- _Work order_
Once you find the line with "Ведьмочка она. Шила" in the listing below, set down exactly every line from it through the line with "Mei Ling Duque", but no pictures.

- _Data_
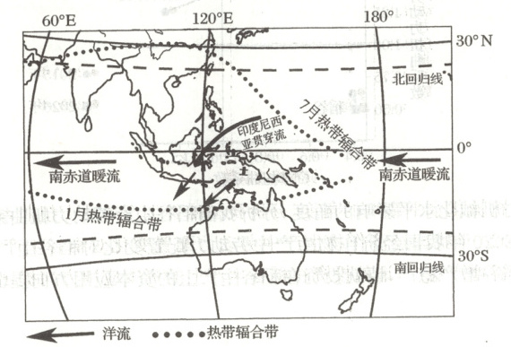 (1)1月热带辐合带南移,澳大利亚北部受热带辐合带影响,盛行上升气流,降水较多;印度尼西亚贯穿流受阻,暖流带来的海水聚积,海水温度升高,蒸发水汽增多;东北信风南移偏转成西北风,从海洋带来较多的水汽。
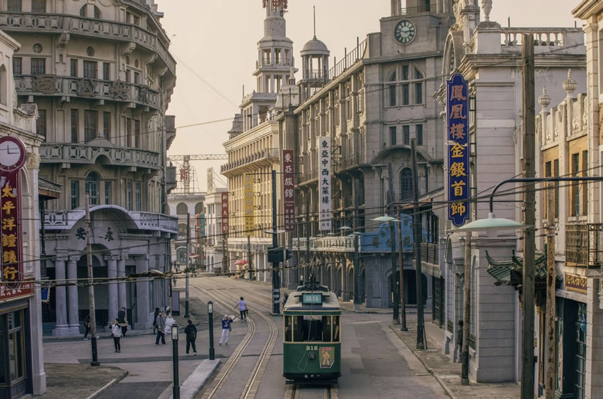 - 南京路:重現(xiàn)十里洋場(chǎng)的繁華景象,有軌電車(chē)穿梭其間,街邊復(fù)古店鋪林立,仿佛穿越回30年代的老上海。
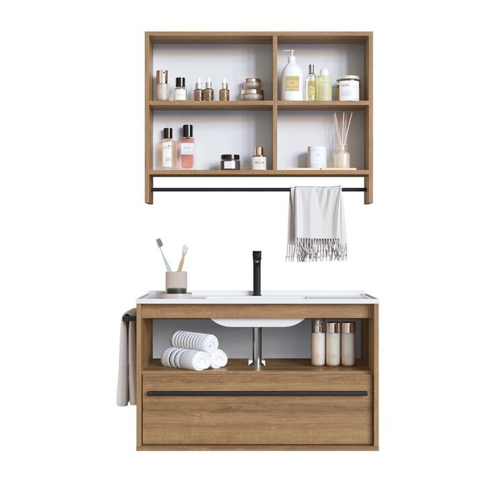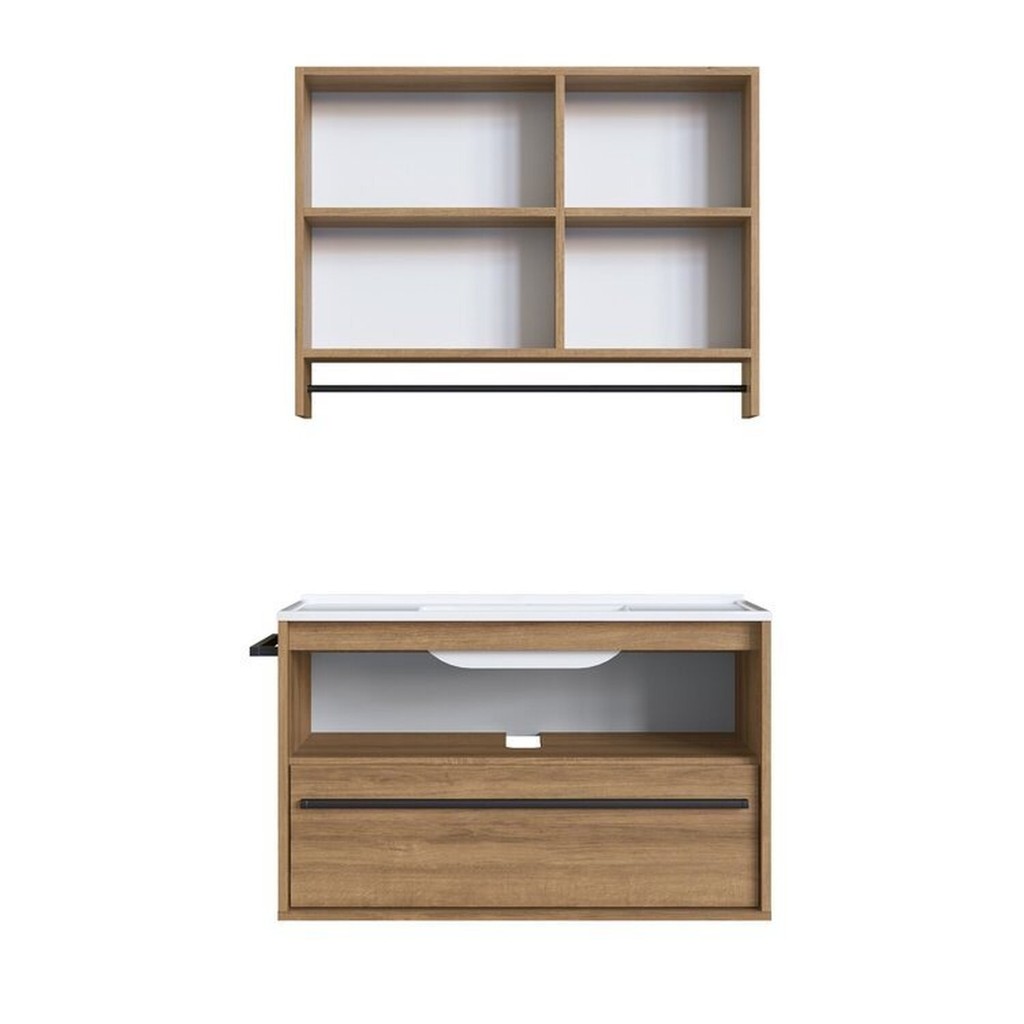 Conjunto para Banheiro Gabinete Suspenso 80cm com Toalheiro Lavatorio e Espelheira Cj8030.20 Mel
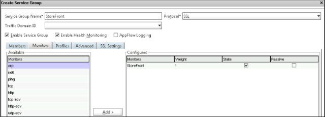 In the Monitors tab and choose the previously created StoreFront monitor and click Add
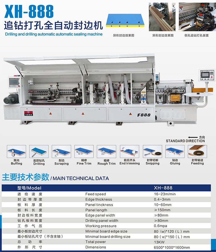 产品名称:XH-888追钻打孔全自动封边机
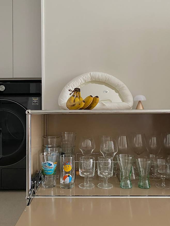 usm 장 위에는 좋아하는 유리잔들이 들어있어요. 옷장 쪽으로 건조기를 설치하여 건조가 다 된 후 옷 정리하기도 너무 수월해요.
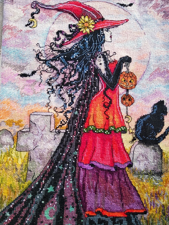 Ведьмочка она. Шила ее на прошлогодний конкурс" Осень Хэллоуин" работа шла просто замечательно, пока дело не дошло до бусин .Меняла их три раза .Пришивала и снимала, то размер не тот, то не смотрелись.... Черные вообще потерялись. Вроде как их и нет
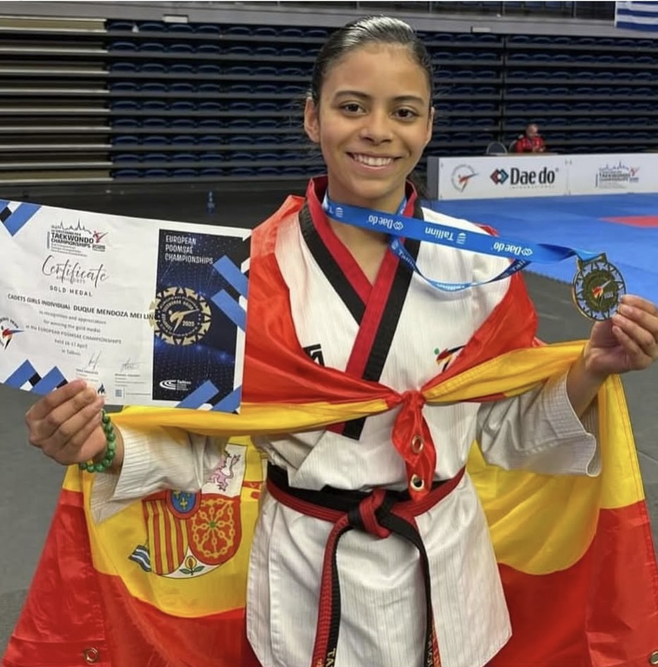 Mei Ling Duque Mendoza, campeona de Europa en la categoría cadete, modalidad de poomsae, en el Campeonato de Europa, celebrado el 16 y 17 de abril en Tallin, Estonia.
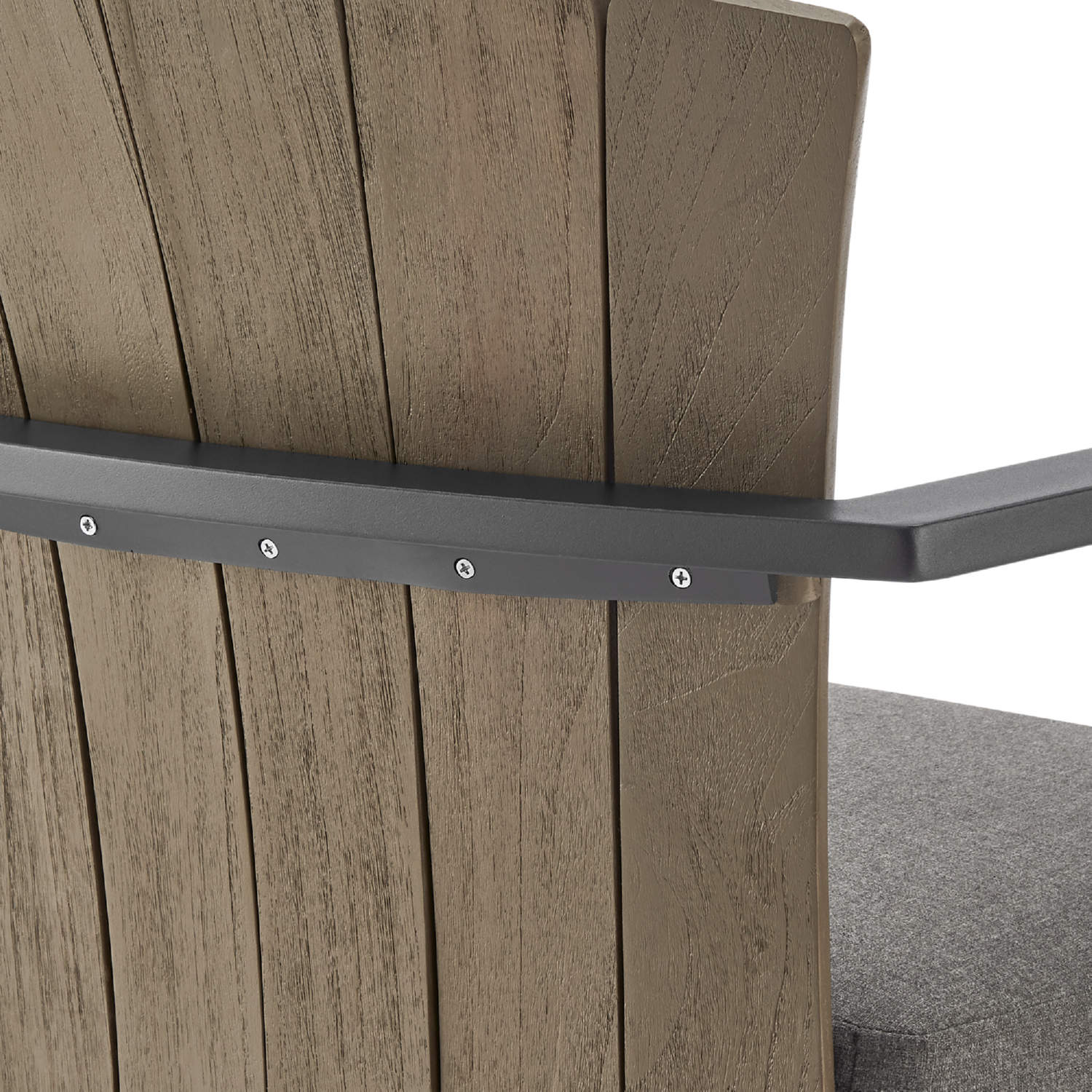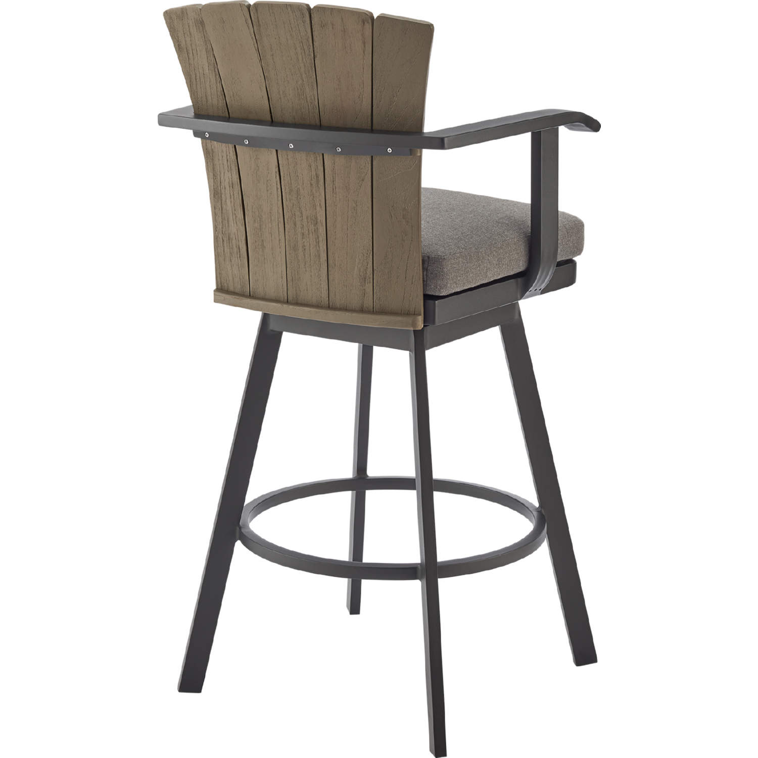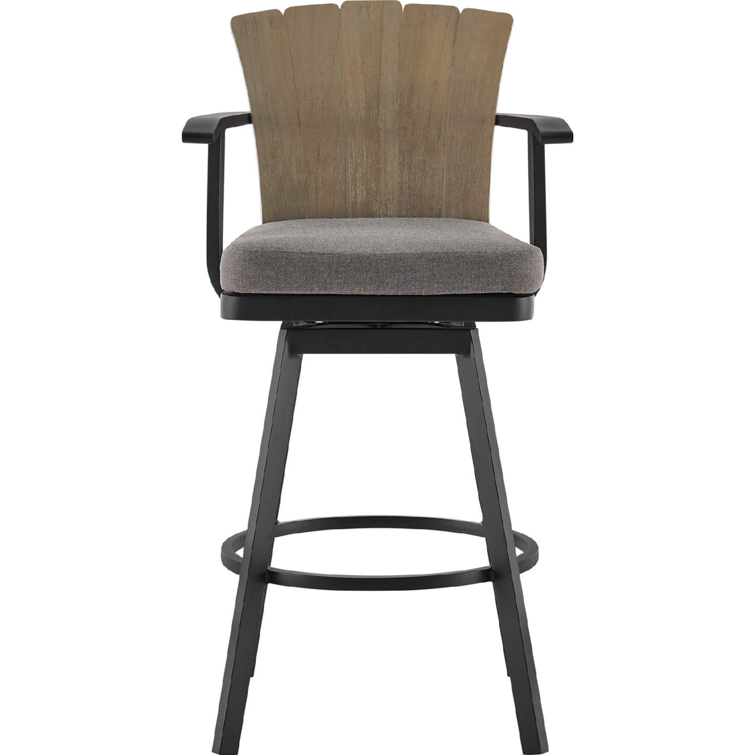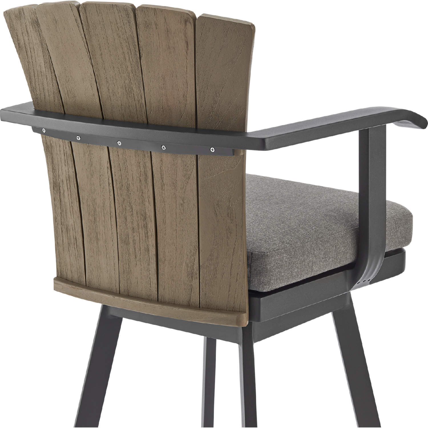 Armen Living Hazel Outdoor Swivel 30" Bar Stool in Aluminum, Teak Wood & Charcoal Fabric (Set of 2)
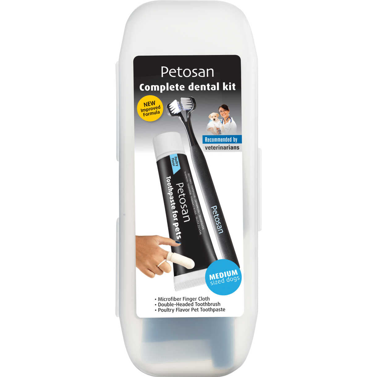 Petosan Complete Dental Kit bietet alles, was Sie für eine gesunde Zahnpflege Ihres Hundes benötigen. Dieses ultimative Kit wird in einem eleganten Etui geliefert und enthält eine Reihe von Werkzeugen für eine effektive Zahnpflege. Mit einer doppelseitigen Zahnbürste und einer Mikrofaser-Fingerzahnbürste erreichen Sie alle Bereiche im Maul Ihres Hundes, und die enthaltene Zahnpasta mit leckerem Hühnergeschmack macht das Zähneputzen zu einem angenehmen Erlebnis. Egal, ob Ihr Hund klein, mittelgroß oder groß ist, dieses Set gibt es in den passenden Größen für jede Rasse, so dass Sie die Mundhygiene Ihres Hundes auf einfache und bequeme Weise sicherstellen können.
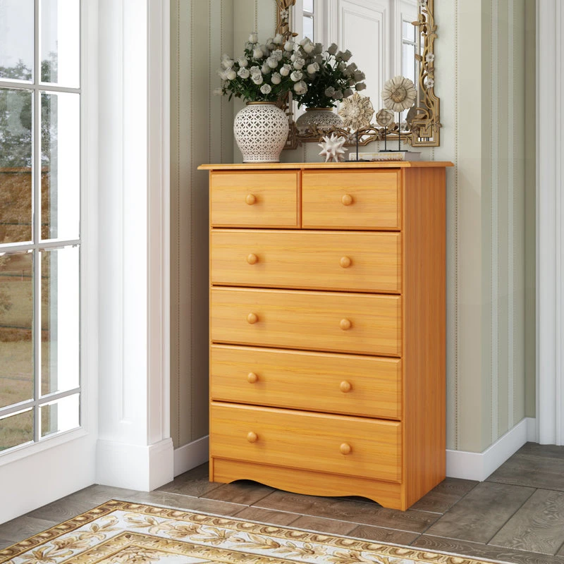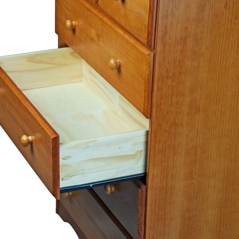 Don’t underestimate the benefits of the split top drawer! It will compartmentalize your smaller items and will make finding them so much easier! The remaining four drawers have plenty of room to stash away your belongings in this beautiful solid wood chest as only wood allows it to have beveled edges‚ grooved top and turned knobs. Available in 5 popular finishes‚ it will surely match many interiors.
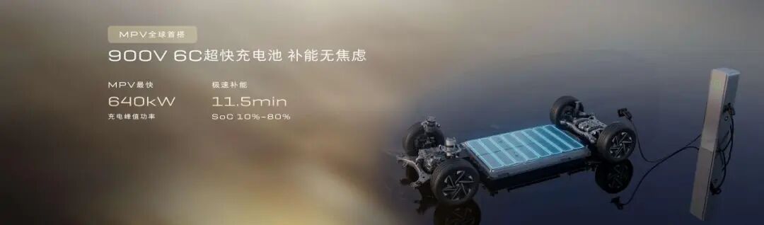 第一,充电。纯电版是全球首搭900V 6C超快充电池的MPV,11.5分钟能从10%充到80%。这个速度,本就处在行业第一梯队,但3月5日比亚迪发布的闪充技术,把行业快充标准拉到了新的高度。
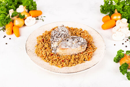 Котлетки куриные с полбой и грибным соусом 300 г доставка
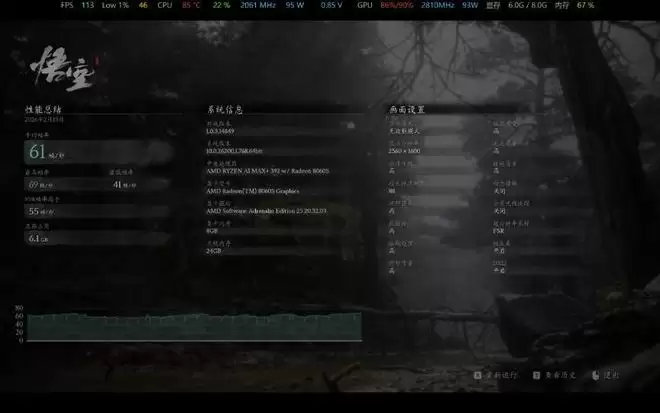 ●绝对性能方面,不管是8060S还是天选Air 2026锐龙AI Max版的表现都已经令人满意,在2.5K分辨率最高画质下,能够流畅运行多款3A大作,对于《黑神话:悟空》这类要求非常苛刻的游戏,也可借助FSR在2.5K分辨率高画质下流畅运行,这对于以往平台的核显轻薄本来说,几乎不可想象。而如果是1080P分辨率,会更加游刃有余。
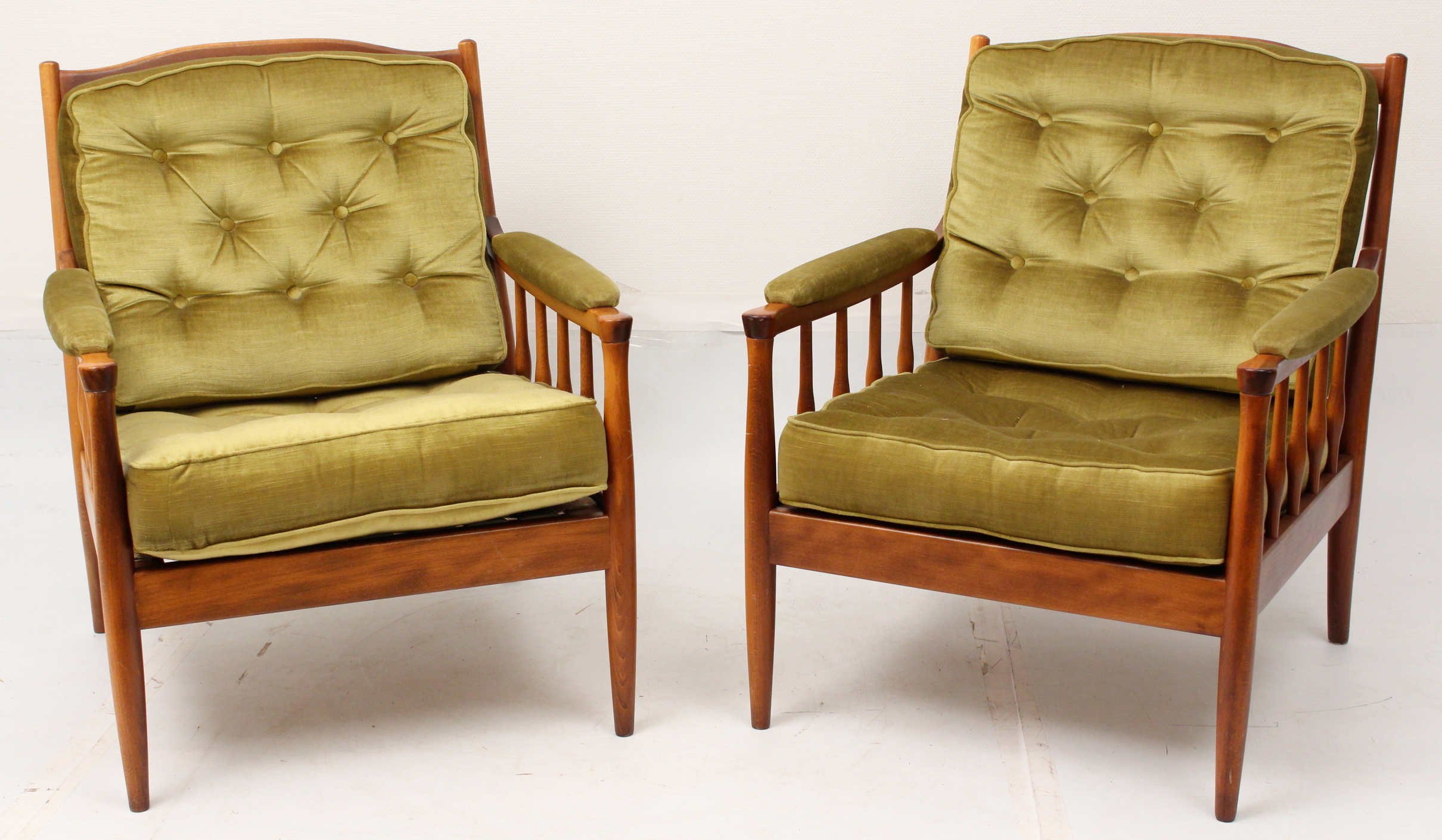 230263. LÆNESTOL, 2 stk, grøn plys.

- _Task answer_
 Ведьмочка она. Шила ее на прошлогодний конкурс" Осень Хэллоуин" работа шла просто замечательно, пока дело не дошло до бусин .Меняла их три раза .Пришивала и снимала, то размер не тот, то не смотрелись.... Черные вообще потерялись. Вроде как их и нет
 Mei Ling Duque Mendoza, campeona de Europa en la categoría cadete, modalidad de poomsae, en el Campeonato de Europa, celebrado el 16 y 17 de abril en Tallin, Estonia.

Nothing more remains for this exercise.